Фрике взял себя в руки и с трудом принялся читать:
— «Нам сообщают о новых действиях султана Си-Норосси. Небывалому разорению подвергнуты районы Логоне и Шари. По слухам, истреблено или угнано в рабство более двух десятков негритянских племен. Акции проводились с неслыханной жестокостью, несчастные жертвы подверглись чудовищным мучениям. Говорят, что в распоряжении Си-Норосси более четырех тысяч солдат, вооруженных европейским оружием, и, подняв знамя священной войны, он заявил в распространяемой повсюду декларации, что изгонит руми[59] со всех территорий вплоть до озера Чад. Наконец, по непроверенным слухам, в одном из негритянских селений в плен взяты двое или трое белых. Какую судьбу уготовил им кровожадный султан, неизвестно. Северные районы Французского Конго охвачены волнением. Депеша из Банги подтверждает печальные новости о плененных Си-Норосси белых. Поговаривают о двоих, французе и американце…»
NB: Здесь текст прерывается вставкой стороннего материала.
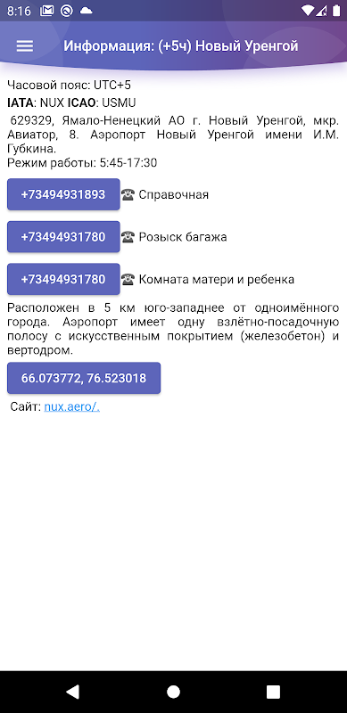 แอปพลิเคชั่นอย่างไม่เป็นทางการที่ให้ข้อมูลเกี่ยวกับสถานะการออกเดินทางและการมาถึงของเครื่องบินที่สนามบินใน Novy Urengoy เป็นไปได้ที่จะขยายเส้นบอกคะแนนเป็นหน้าจอข้อมูลเพิ่มเติม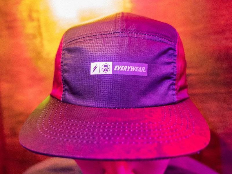 As we said, there's six different products, all dark: one k-way, a hooded and red-shaded sweatshirt, a t-shirt, a five-panel hat, a red and black ball and an armband.
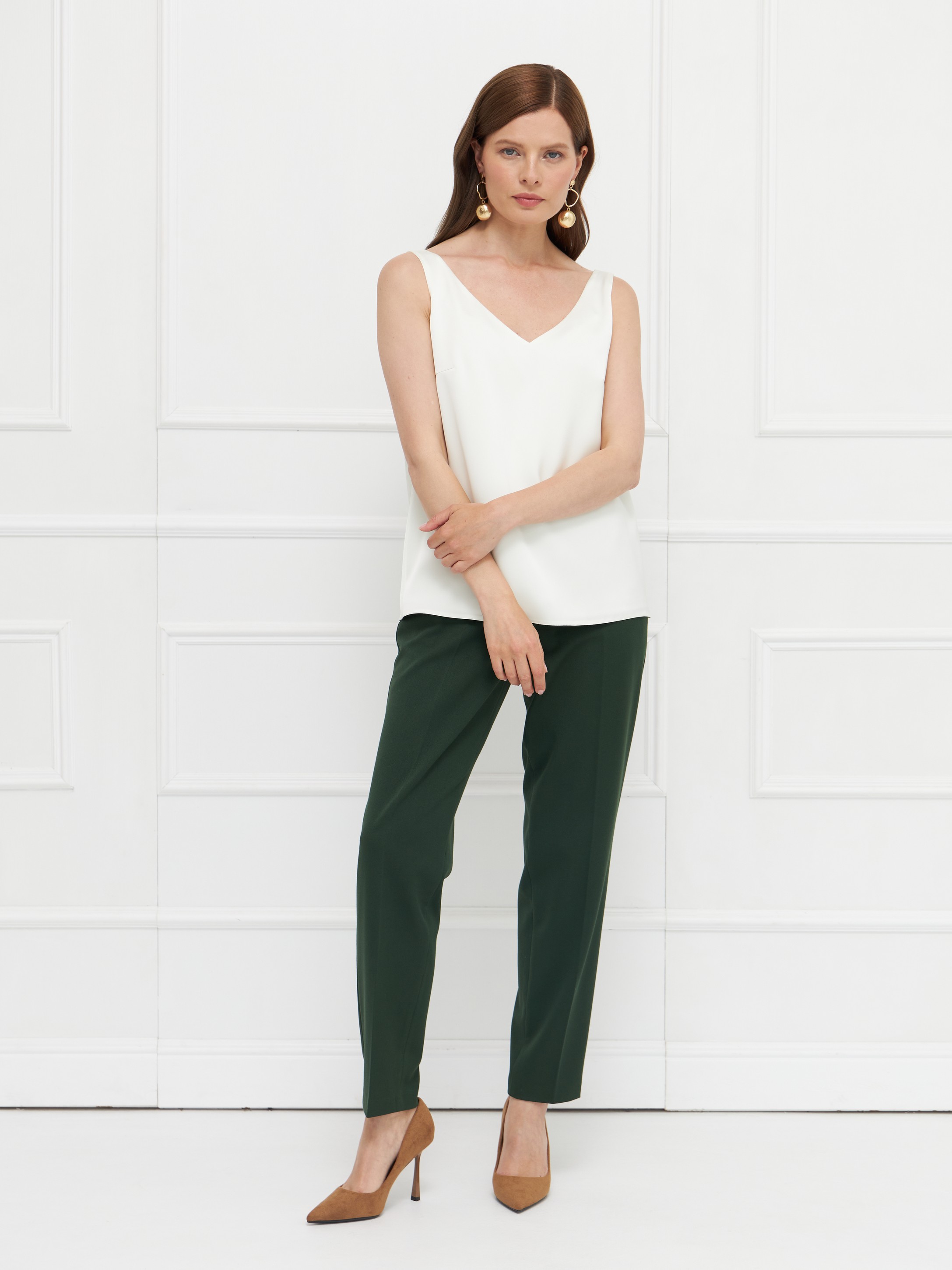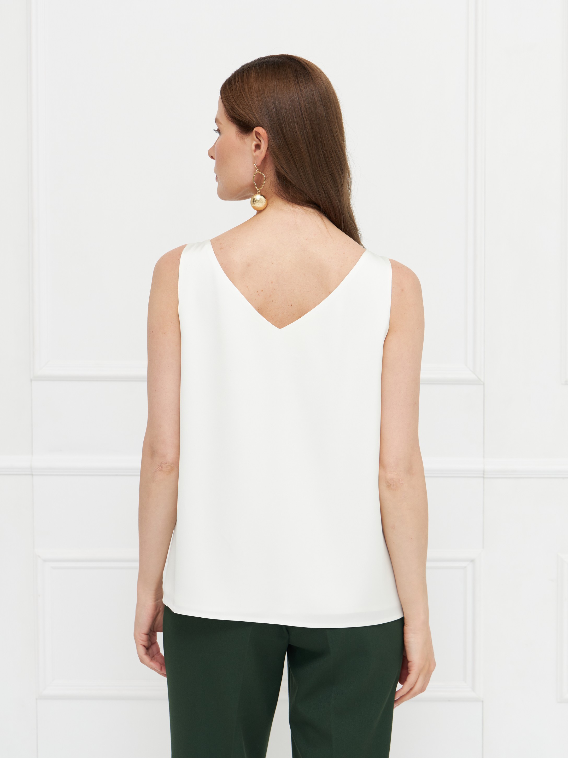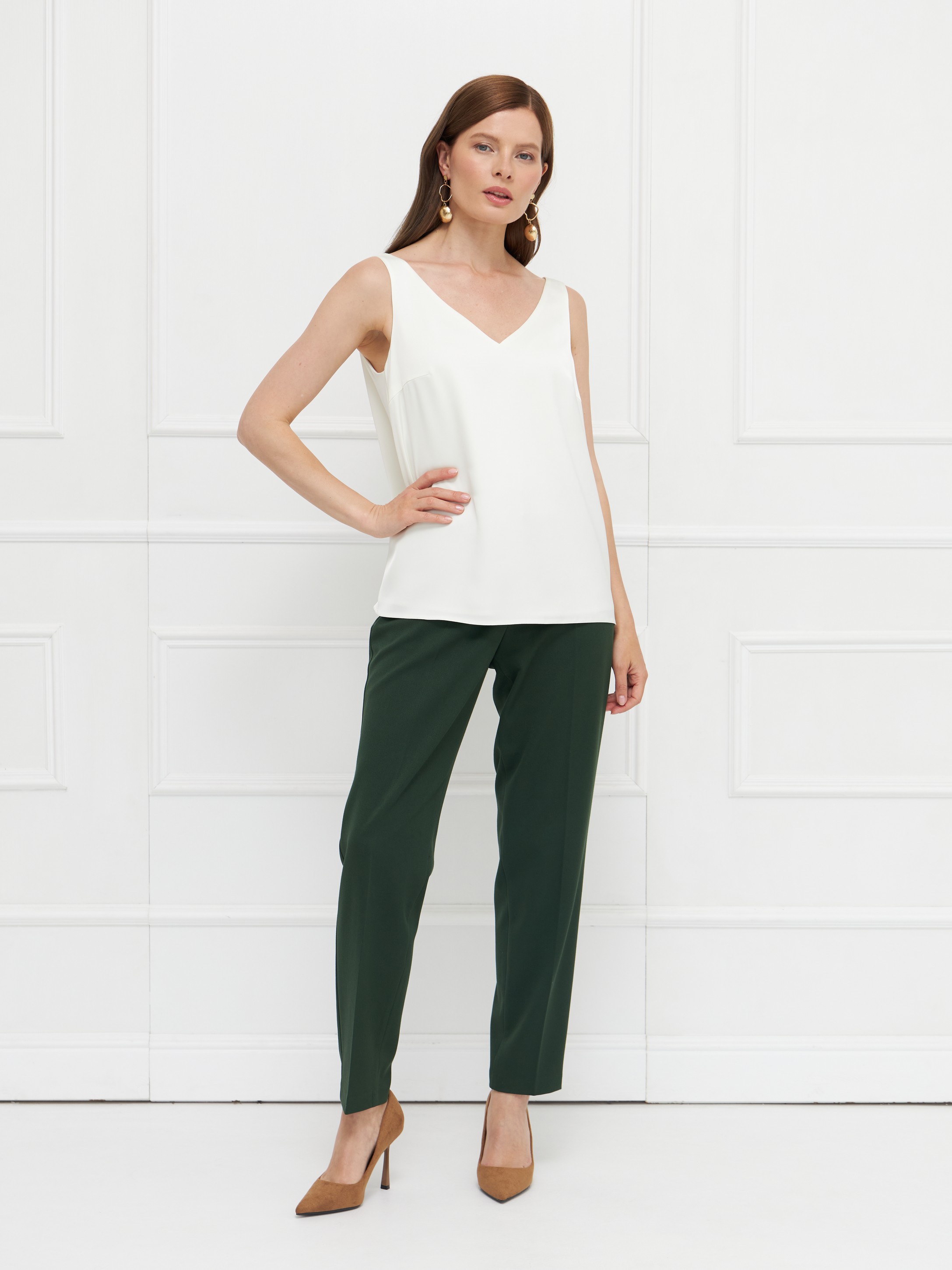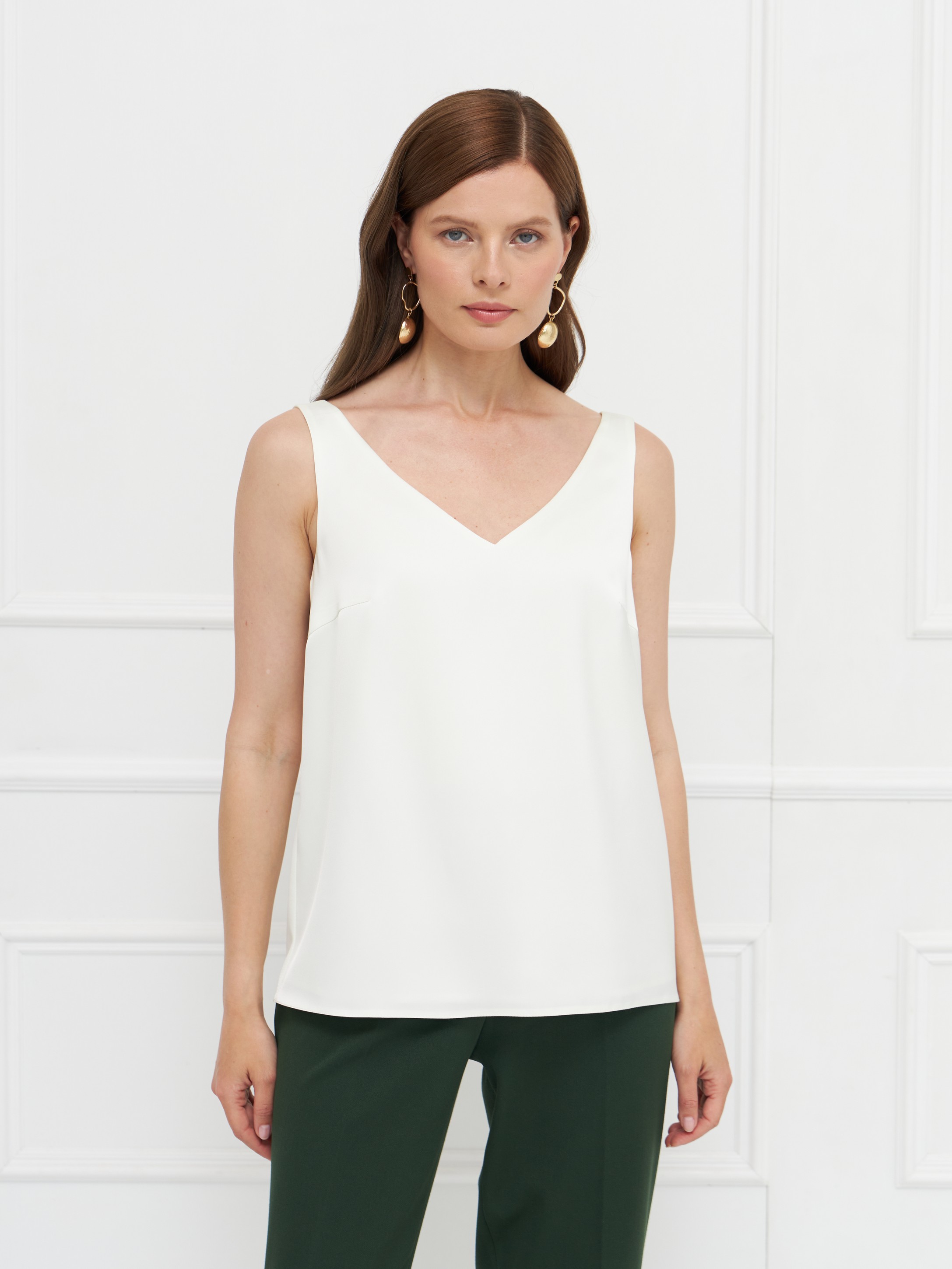 Белый топ без рукавов выполнен из тонкой блузочной ткани и дополнен мягкой эластичной подкладкой, обеспечивающей комфорт и безупречную посадку. Широкие бретели устойчиво держат форму и добавляют модели лаконичности. У-образный вырез подчеркивает линию шеи и придаёт образу элегантность. Лёгкая и универсальная вещь, которая отлично сочетается с жакетами, вписываясь как в деловой, так и в повседневный гардероб. На фото в паре Брюки Б-704 ЗМО(О5).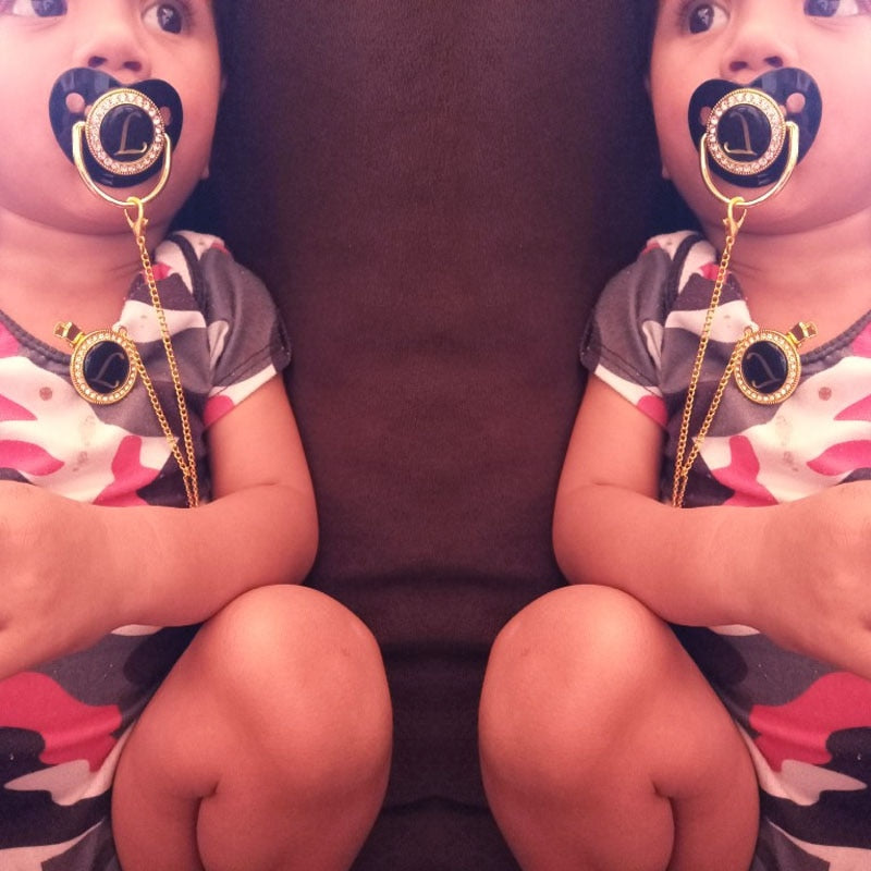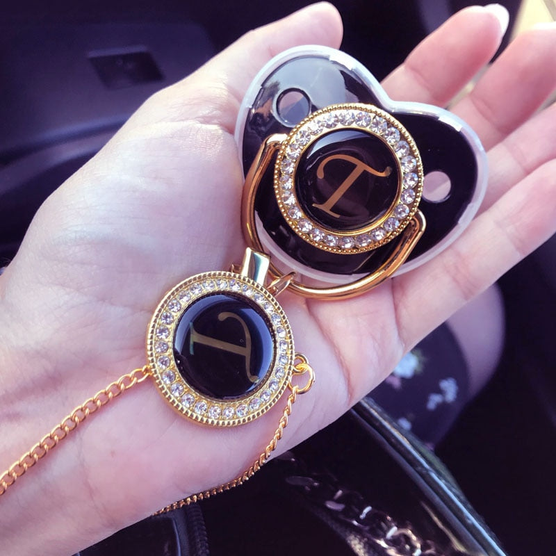 Baby Black Bling Pacifier With Clip Alphabet Letter Infant Pacifier Gold Letter Initials

Сдавленное хрипение вырвалось из груди Фрике.
Смертельно побледнев, он упал на стул и попытался сорвать душивший его галстук.
Риммер бросился к другу и крепко обнял:
— Фрике! Старина Фрике! Очнись! Не пугай меня!
Фриц поспешно налил в стакан воды из графина, намочил платок и приложил ко лбу и вискам Фрике.
Тот постепенно приходил в себя. Невидящими глазами уставился он на Риммера, как будто не узнавал его.
Потом взгляд Фрике вновь упал на газетный лист, и только тогда в голове его прояснилось.
— Сын мой! Мой Тотор! — прошептал Фрике и разрыдался.
— Но нет никаких указаний на то, что это именно они.
— Да ладно! Один француз! Один американец! Американец — это Меринос, его закадычный друг!.. Последнее письмо, которое я получил, пришло из Банги. Тотор сообщал, что отправляется в те самые проклятые места.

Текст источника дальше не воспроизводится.